Many:Many — neither side maps to just one of the other - User → Like → Post: one user can like many posts, and one post can be liked by many users - User → Follow → User: one user can follow many users, and one user can be followed by many users - Implemented with a junction table containing both foreign keys


Junction tables#

A junction table sits between two entities in a many-to-many relationship. It contains the primary keys of both entities as a composite primary key.

likes (
    user_id  UUID NOT NULL,
    post_id  UUID NOT NULL,
    PRIMARY KEY (user_id, post_id)    composite PK enforces uniqueness
)

The composite PK does two things: - Prevents duplicates — a user can't like the same post twice - Acts as an index — "has user_123 liked post_456?" is an O(1) lookup


Self-referential tables#

When an entity has a relationship with itself — like users following other users — you use a self-referential junction table. Both foreign keys reference the same table:

follows (
    follower_id  UUID NOT NULL,   -- the person who follows
    following_id UUID NOT NULL,   -- the person being followed
    created_at   TIMESTAMP,

    PRIMARY KEY (follower_id, following_id),
    FOREIGN KEY (follower_id)  REFERENCES users(user_id),
    FOREIGN KEY (following_id) REFERENCES users(user_id)
)

Both columns point to users. The naming makes the direction of the relationship explicit — follower_id is doing the following, following_id is being followed.

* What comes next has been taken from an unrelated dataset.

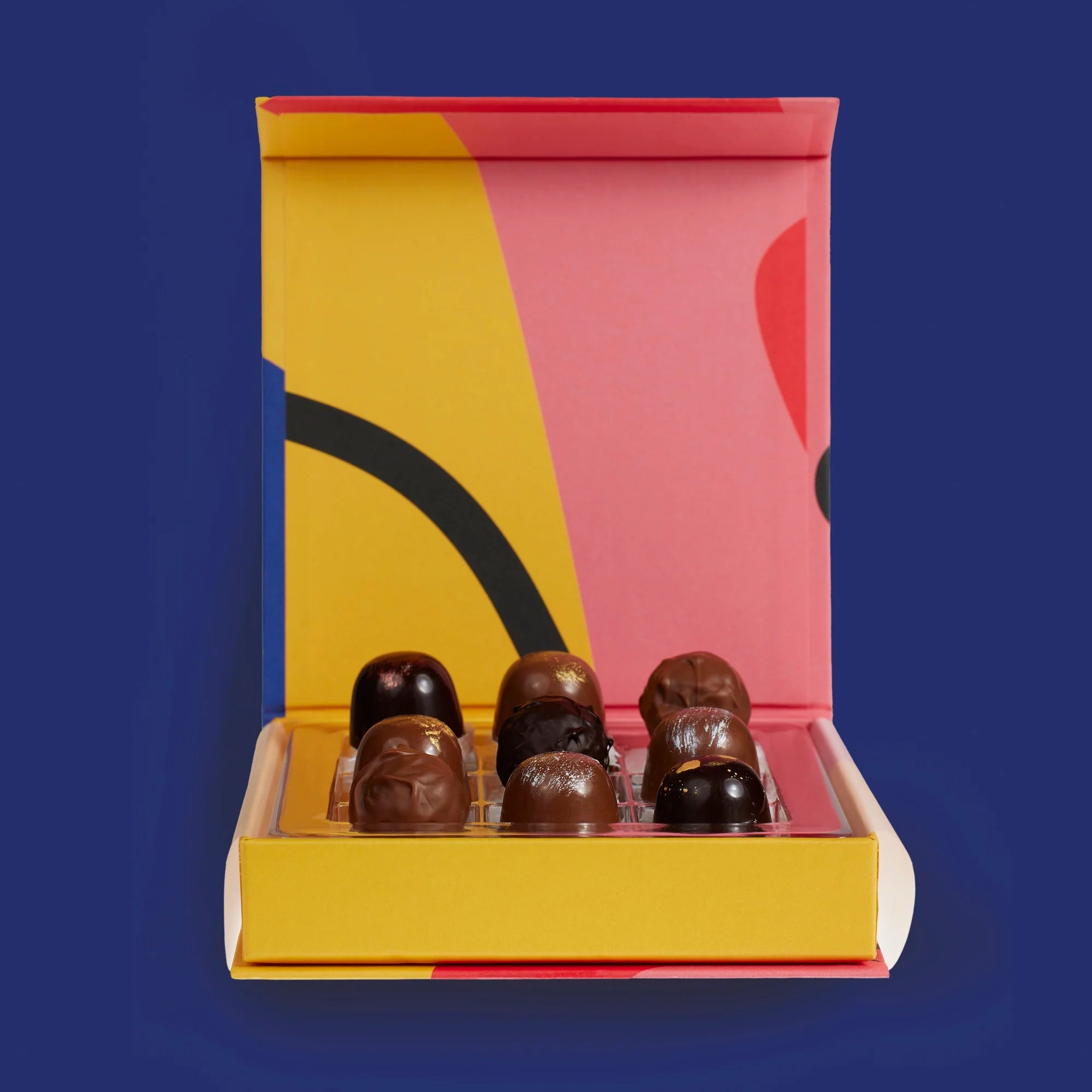 This indulgent selection showcases a variety of textures and tastes, carefully balanced to complement the natural flavour notes within each chocolate: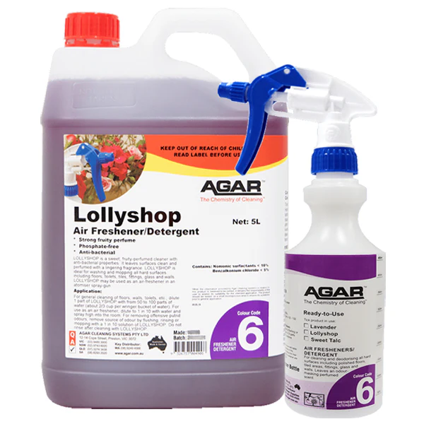 LOLLYSHOP is a strong deodorising detergent with the cleaning and germ-killing action needed to remove offensive and putrid soilage matter. After removing the source of the bad odour the perfume of LOLLYSHOP reodourises the surface with a pleasant lingering fragrance.

Here's what the table looks like with real data:

follower_id  | following_id | created_at
-------------|--------------|------------
user_1       | user_2       | 2024-01-01    ← user_1 follows user_2
user_1       | user_3       | 2024-01-02    ← user_1 follows user_3
user_2       | user_1       | 2024-01-03    ← user_2 follows user_1
user_3       | user_1       | 2024-01-04    ← user_3 follows user_1

Notice that user_1 appears multiple times in follower_id. This is why user_id alone can never be the primary key — a PK must be unique per row, and no single column here is unique.

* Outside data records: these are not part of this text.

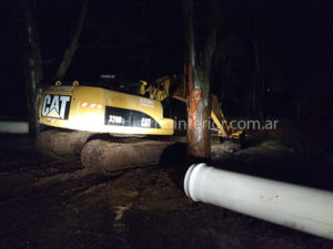 En estos momentos, la maquinaria perteneciente a una empresa local trabaja en el canal que corre paralelo al acceso al cementerio luego que se detectaran tapones en el mismo, producto de la obra de colocación de un tubo de gran tamaño por parte de ABSA la que permitirá en un futuro escurrir los líquidos cloacales de la planta depuradora que próximamente se pondría en movimiento.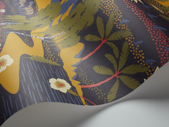 Яркие, сочные и необычные обои для холла «Flyttfro» из шведских обоев BORASTAPETER являются одними из самых красочных представителей обойной коллекции «Wonderland». На благородном темном фоне покрытий прорисована настоящая картина: тихая река, пересекающая всю площадь полотна, на ее берегах ассиметрично расположены пальмы, березы, если, красивые белые и красные цветы, и характерные для этой обойной коллекции животные в интересном одеянии. Настенные покрытия представлены двух видов: на светлом и темном фоне. Первые лучше применять для акцентирования маленьких и плохо освещенных комнат, темные же, будут уместны в комнатах больших размеров.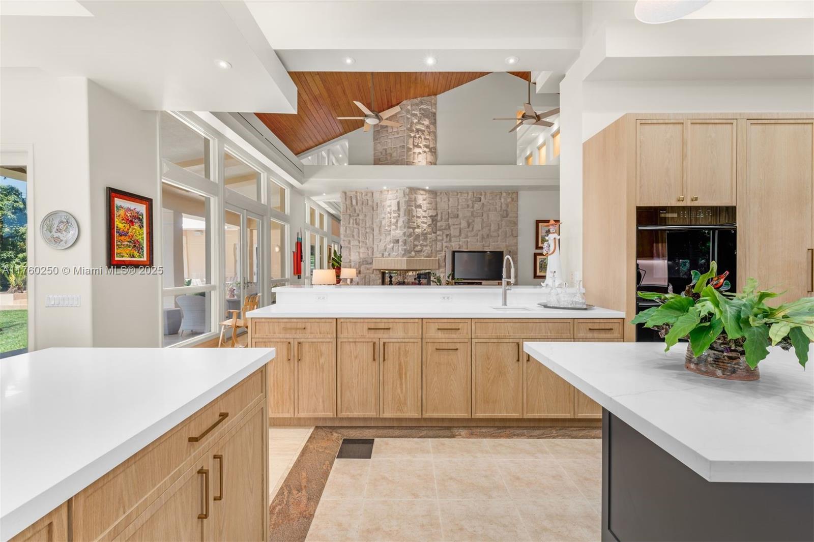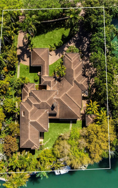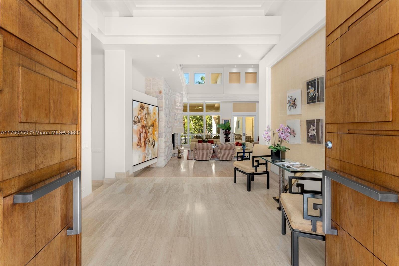 Designed by Barry Sugerman, this 7,698 SF waterfront estate in Gables Estates is a true masterpiece of elegance and modern luxury. Featuring 5 bedrooms, 7.5 bathrooms, the home showcases soaring wood-paneled ceilings, panoramic impact windows, and a grand stone fireplace. The custom open-concept kitchen boasts top-tier appliances, a marble island, and coffered ceilings. The principal suite has a private terrace with canal views, dual spa-like baths, and custom walk-in closets. Outdoors, enjoy stunning sunsets, over 400 ft. of water frontage, a private dock, 2 boat lifts, a shaded gazebo, covered terraces for alfresco dining, a cabana bath, lush landscaping and an included tennis membership. Complete with a home audio system, art lighting, and smart security, this is an architectural gem.

But the combination of (follower_id, following_id) is always unique — a user can only follow someone once. That composite PK also enforces this business rule for free:

-- Try to make user_1 follow user_2 again
INSERT INTO follows (follower_id, following_id) VALUES ('user_1', 'user_2');
-- ERROR: duplicate key violates primary key constraint ✗

No extra application code needed — the DB rejects the duplicate automatically.


Always think about both directions of a junction table#

Every junction table has two read directions. Both need to be fast.

For the follows table:

-- Direction 1: who does user_123 follow?
SELECT following_id FROM follows WHERE follower_id = '123';
-- → hits composite PK index (starts with follower_id) ✓

-- Direction 2: who follows user_123?
SELECT follower_id FROM follows WHERE following_id = '123';
-- → composite PK starts with follower_id, not following_id → full scan ✗

Direction 2 can't use the PK index. You need a separate index:

CREATE INDEX idx_follows_following ON follows(following_id);

Junction table rule

Whenever you create a junction table, immediately ask yourself: "do I need to query this in both directions?" If yes — you need an index for each direction. The composite PK covers one direction. Add a separate index for the other.